程徹感觉脖颈一片凉意,心疼道:“乖,别哭,肯定完好无损回来娶你,哪都不会少。”
沈清被逗得面红耳热,嘴上嗔怪道:“又不正经了。”
在马车内的宋徽敲了敲轿壁:“再不走,淳亲王府要宵禁了啊。”
程徹在王府呆了那么些年,哪有什么狗屁宵禁,他斜睨了一眼马车,放开了沈清,从她手中拿了那瓶青瓷小瓶,道:“这个就足矣,你快上车,早早歇息,醒来就能看到我了。

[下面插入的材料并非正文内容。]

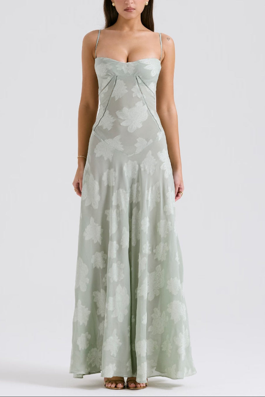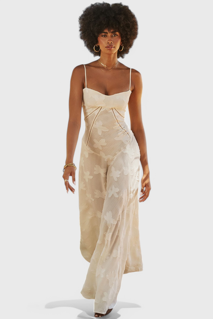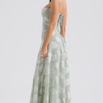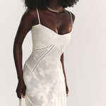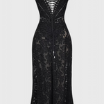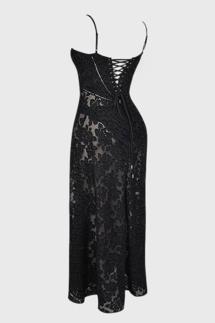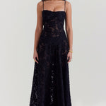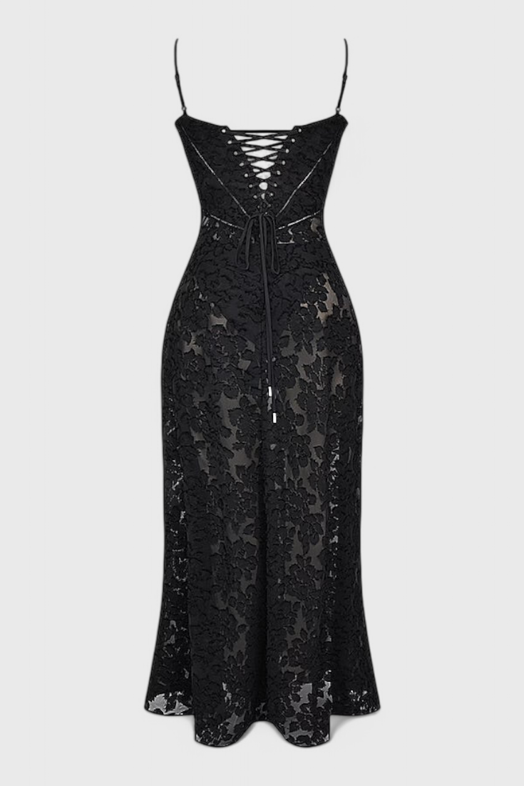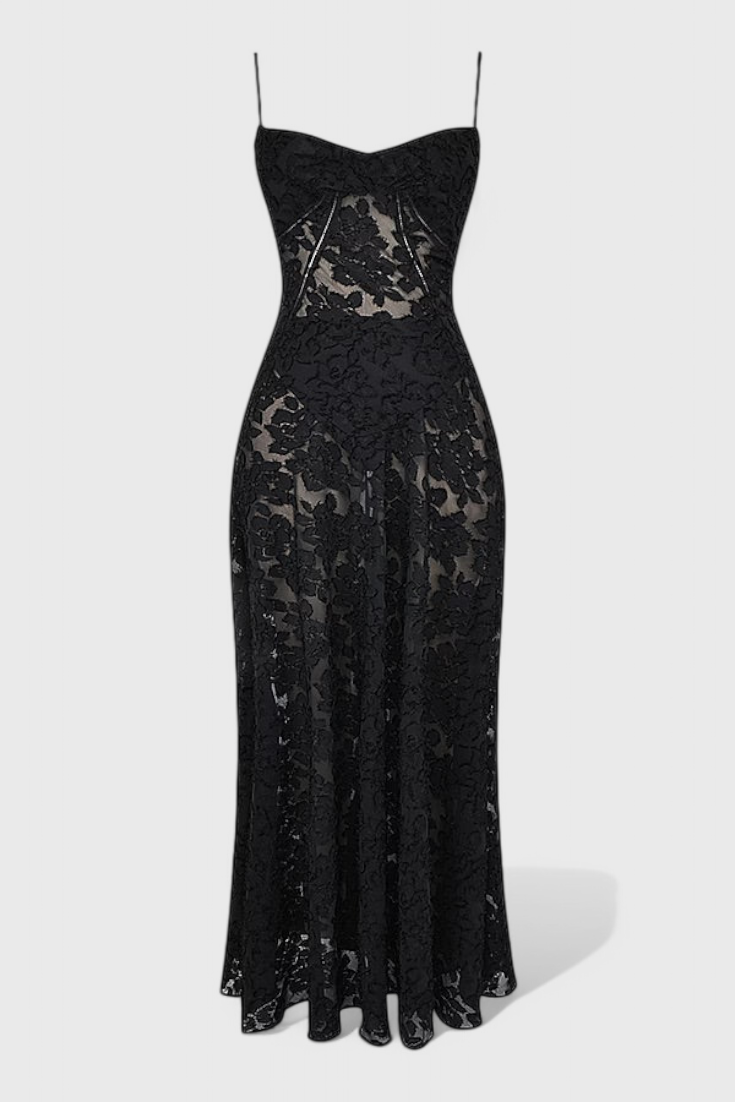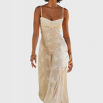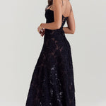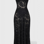 Elegante y romántico con un alma vintage, el Vestido Mabel captura la luz y la atención en igual medida. Confeccionado con lamé brillante y adornado con delicado encaje floral, cuenta con finas tirantes de rouleau y un acabado semitransparente que se siente suave y llamativo a la vez. Diseñado con copas incorporadas para un uso fácil, es la declaración perfecta para cenas a la luz de las velas, veladas chic o momentos que requieren algo inolvidable.

”
马车轱辘晃悠晃悠,沈清看着车外的人离她越来越远,直至完全和黑夜隐遁在竹林深处,她才恋恋不舍地放下窗帘,怅然若失地靠在轿壁上。
大概过了一个时辰,马车停了下来,车外有小厮禀报:“王爷,杨姑娘来了,已在府门口等候多时。”
本被马车晃晕的脑袋一下子清醒,沈清坐直,她可不想跌入“定亲男子私会其他女子”的苦情戏码,正思考对策之时,听宋徽说道:“怎么不请进府?”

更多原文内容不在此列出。